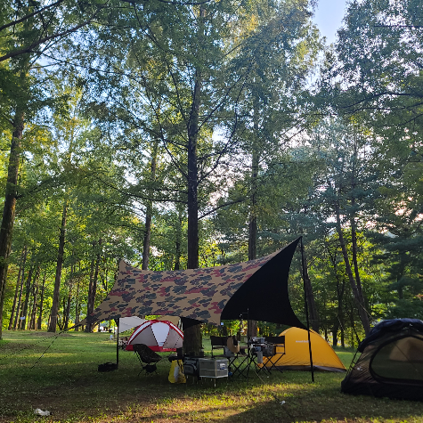 비 피하기 : 비가 오는 날 텐트 입구에 타프를 설치하여 비를 피할 수 있도록 합니다. 타프 아래에서 음식을 조리하거나 휴식을 취할 수 있고 방염 코팅이 있는 타프는 불을 피우는 행위도 가능합니다.
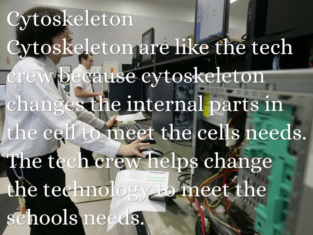 Cytoskeleton are like the tech crew because cytoskeleton changes the internal parts in the cell to meet the cells needs. The tech crew helps change the technology to meet the schools needs.
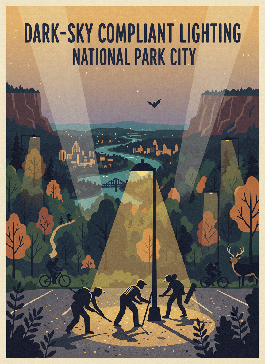 Replace existing parking lot lights at the Greenway Farms trailhead with dark-sky compliant fixtures that direct light downward, reducing light pollution that disrupts nocturnal wildlife along the North Chickamauga Greenway. The new fixtures would maintain safety while dramatically reducing sky glow. The Greenway Farms parking lot's current lights are unshielded, casting light horizontally and upward into the adjacent greenway corridor. This disrupts the feeding patterns of bats, confuses migratory birds, and wastes energy. Dark-sky compliant fixtures provide better ground-level illumination with 60% less energy use and near-zero upward light spill.
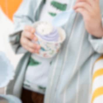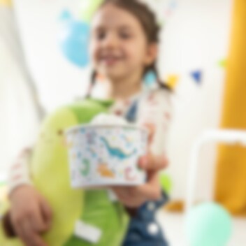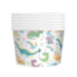 6 st. små glassbägare i vackra färger med gulliga motiv av olika dinosaurier. Bägarna är perfekta att servera glass, godis, snacks eller andra godsaker i. De rymmer 150 ml och har en storlek på 6 × 7 cm. Tillverkade av papp.
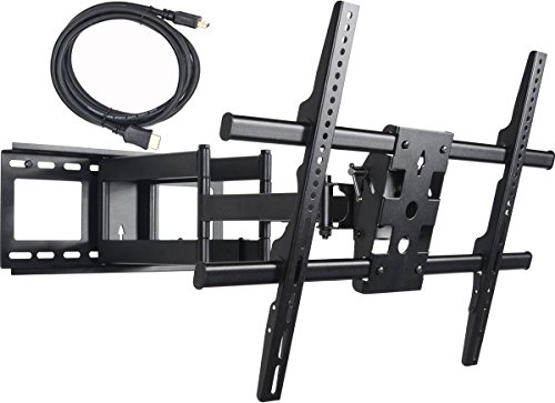 -. Feature : Articulating arm TV wall mount fits 37" 40" 42" 46" 47" 50" 52" 55" 58" 60" 62" 63" 65" 70" LCD LED Plasma display; Mounting hole pattern compatible from 200x200 300x300 300x200 400x200 400x300 400x400 600x400 up to 684x400mm / Supports display up to 165 lbs; Adjustable tilt +/-15 degrees and swivel side-to-side for comfortable viewing angle / Fit 16 inch apart wood studs. Arm fold less than 4" or extend 25" from wall; Post-installation level adjustment allows the TV to perfectly level / Lock and release safety system design on both mounting bracket; Cable management on arm; Easy installation and adjustment / Fit studs up to 18"; Standard mounting screws included
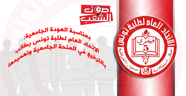 بمناسبة العودة الجامعية طالب الاتحاد العام لطلبة تونس في بيانه الصادر يوم 19 سبتمبر الجاري بالترفيع في المنحة الجامعية وتعميمها وتحسين وتطوير الخدمات الجامعية والترفيع في ميزانية العمل الثقافي.
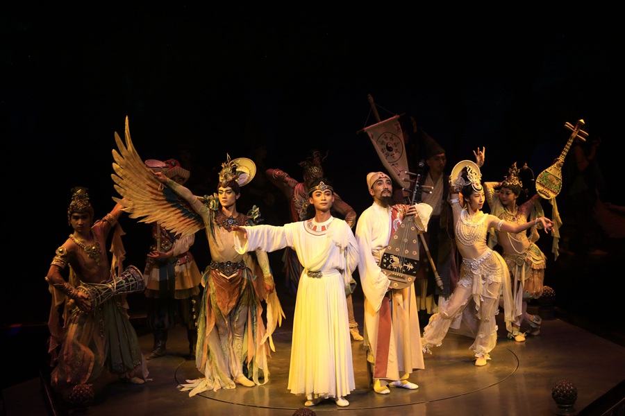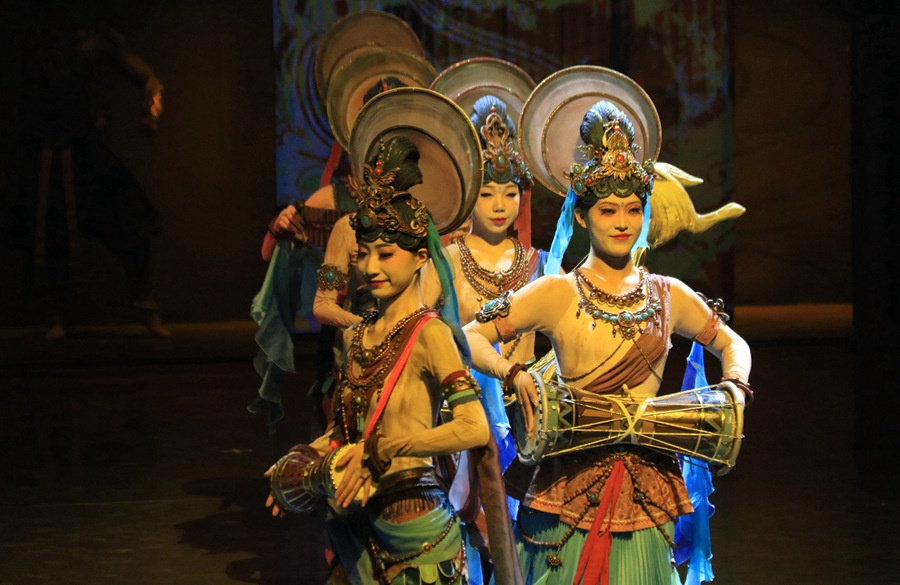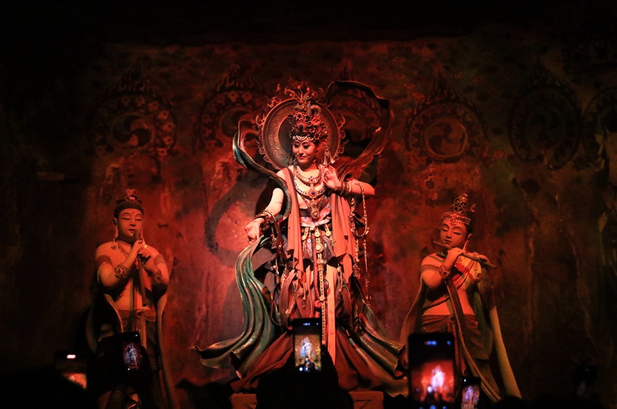 大型洞窟式沉浸體驗(yàn)劇《樂(lè)動(dòng)敦煌》演出現(xiàn)場(chǎng)。張曉亮攝

# # # #

_TASK REQUIREMENTS_
Repeat each line of the material, unaltered, from the first through the line with "6 st. små glassbägare", and include no pictures.

_EXERCISE RESPONSE_
 비 피하기 : 비가 오는 날 텐트 입구에 타프를 설치하여 비를 피할 수 있도록 합니다. 타프 아래에서 음식을 조리하거나 휴식을 취할 수 있고 방염 코팅이 있는 타프는 불을 피우는 행위도 가능합니다.
 Cytoskeleton are like the tech crew because cytoskeleton changes the internal parts in the cell to meet the cells needs. The tech crew helps change the technology to meet the schools needs.
 Replace existing parking lot lights at the Greenway Farms trailhead with dark-sky compliant fixtures that direct light downward, reducing light pollution that disrupts nocturnal wildlife along the North Chickamauga Greenway. The new fixtures would maintain safety while dramatically reducing sky glow. The Greenway Farms parking lot's current lights are unshielded, casting light horizontally and upward into the adjacent greenway corridor. This disrupts the feeding patterns of bats, confuses migratory birds, and wastes energy. Dark-sky compliant fixtures provide better ground-level illumination with 60% less energy use and near-zero upward light spill.
 6 st. små glassbägare i vackra färger med gulliga motiv av olika dinosaurier. Bägarna är perfekta att servera glass, godis, snacks eller andra godsaker i. De rymmer 150 ml och har en storlek på 6 × 7 cm. Tillverkade av papp.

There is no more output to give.